NISI(仮判決)でこの勇気ある家族について語った。「それは些細なことだった。少年の母親が警察にやってきて、息子がわずかだが麻薬を使っていると。そしておかしな状態で外出してしまうのではないかと。われわれもわずかな麻薬であれば、犯罪というほどでもなく、まぁ、よく説教すればいいだろうという判断だった。」「われわれは市民のための警察だ。実際同じようなケースに時々出くわすことがあります。今回も慎重に対応したつもりですが、本当に些細なことだったんです。」
L’appello
母の訴え

この母親の思いは警察に責任を問うことにはない。むしろ、若者たち、友人たち、学校の仲間たちに対する願いだ。「君たちは自分の人生の主人公になるのです。別な(straordinario)ことをしてください。携帯をやめて相手と目と目を見ながら話をしてください。Whatapp(SNS)で写真なんか送らないで。彼女に告白するのにメールなんかしないで、面と向かって彼女に君が好きだといえる勇気を持って欲しいの。」しかし、最後の言葉はやはり息子に対しての言葉だった。「そして最後に最愛の息子に言いたい。ずっとあなたが心の奥にもっていた心の隙間を埋めてあげることが出来なかった事を許しておくれ。いまは天国で本当のお母さんがあなたを迎えてくれていることと思います。
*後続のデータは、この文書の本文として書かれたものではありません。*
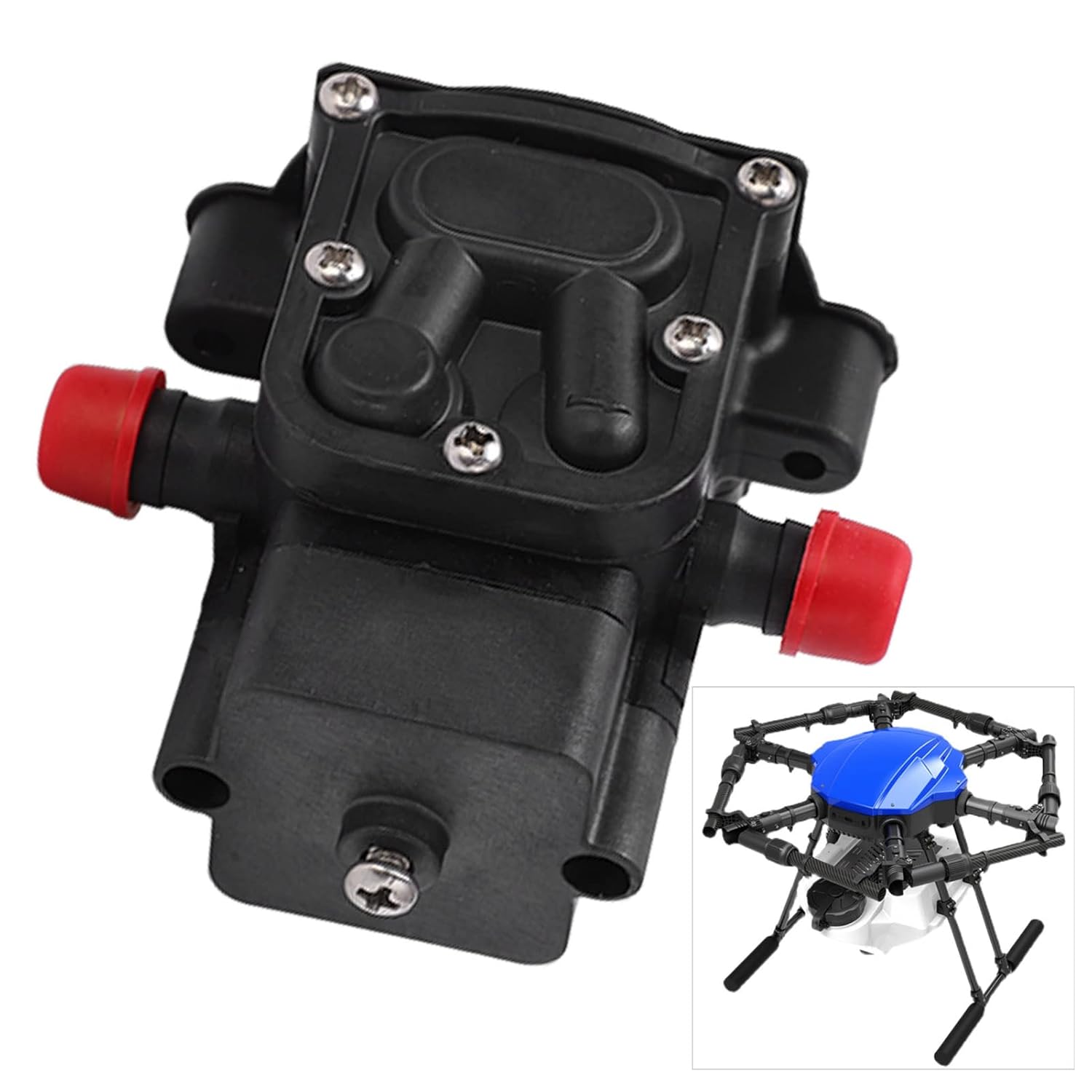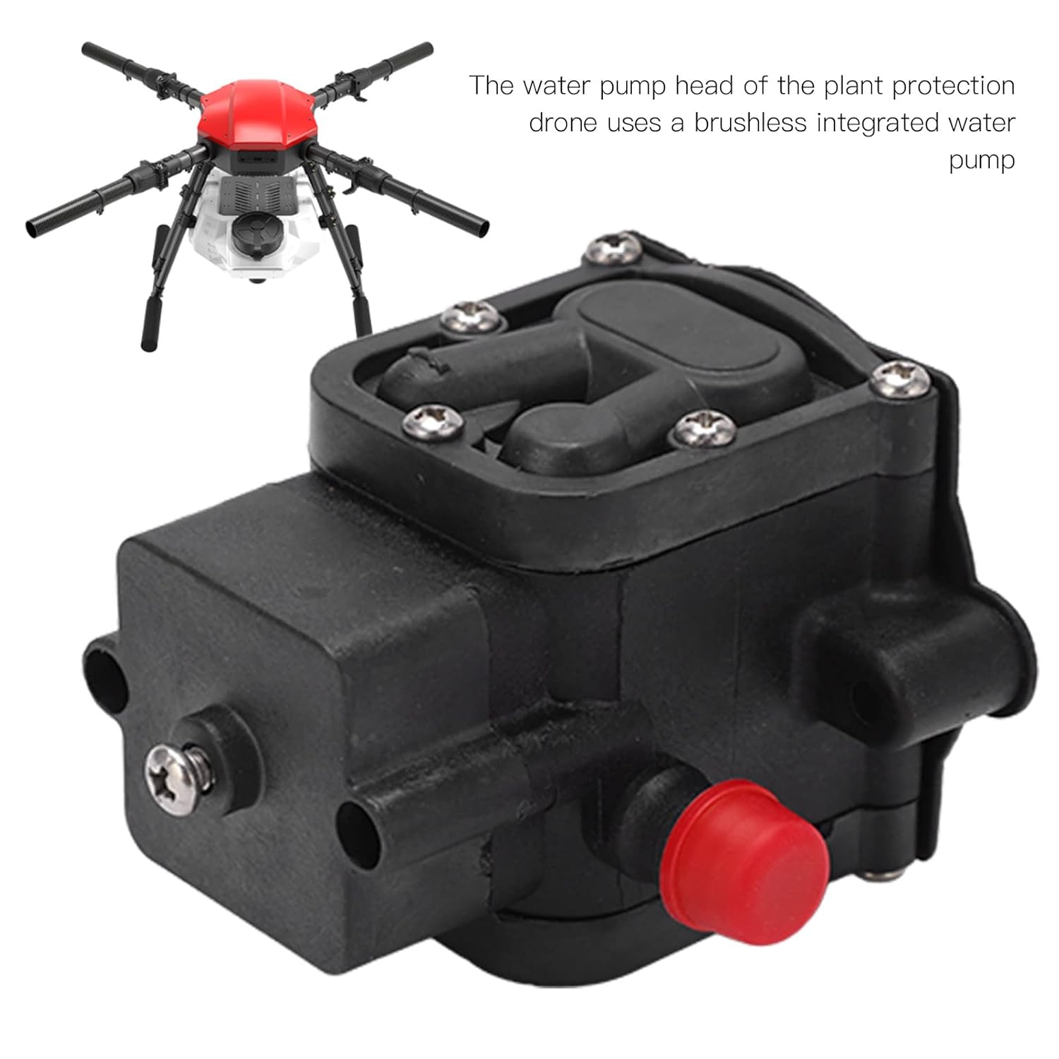 Struttura integrata senza spazzole: la testa della pompa dell'acqua del drone fitosanitario utilizza una pompa dell'acqua integrata senza spazzole. Materiale premium: il materiale in nylon + lega di alluminio di alta qualità è più robusto, leggero e non influisce sul volo. Trasportare liquidi in sicurezza: la testa della pompa dell'acqua può trasportare liquidi in modo più rapido e sicuro, il che può offrirti maggiore comodità. Buona fattura: lavorazione squisita, design dall'aspetto gradevole, dimensioni portatili ridotte, per un'esperienza utente eccezionale. Leggero: la testa della pompa dell'acqua senza spazzole da 5 litri è leggera, facile da trasportare, non aumenterà il carico.

そしてあなたの心が満たされていることを祈ります。」

«La domanda non è perché, ma come possiamo aiutarci»
問題は”なぜ”ではなく、”どうやって私たちが助け合うことができるか”です。

「逃げ場がないと思ったときには、助けを求めて欲しい。あなた方が知っていることを言う勇気を持って欲しい。私の息子については遅すぎるけど、あなたたちの多くにとって遅すぎないはずです。ぜひ口に出してほしいのです。」「われわれ親も、家族の中で解決することなんて出来ないこともあることを知るべきです。とりわけ世間体を気にして家族の内輪に閉じこもらないように。声を出すことは恥ずかしいことなんかじゃないです。みんなで協力しましょう。みんなで相談できるようなネットワークを作りましょう。」「いまは、なぜ起きたかを考えるのではなく、どうして私たちは悩んでいるのかこそ考えましょう。問題は”なぜ”ではなく、”どうやって私たちが助け合うことができるか”です。さぁ、皆さんの問題を出し合いましょう。」

«Legalizziamo»
麻薬の合法化について

16歳の少年の死はまた合法化の議論を呼び戻している。作家のRoberto SavianoはFacebookで、若者の自殺について、「この事件は危険性の少ない麻薬については合法化する必要があることを私たちに提起している。」と書いた。「国のマフィア対策の行政組織でさえ、他の行政官や警察組織と同様に、合法的麻薬に賛成していることに対して、彼らはしっかりと耳を傾けるべきだ。」と急進派も語る。「われわれ急進派が集め、議会に提出した麻薬の合法化のための6万人の署名を無視すべきでない。狂った麻薬禁止派によって失われたたくさんの命から目を背けてはならない。」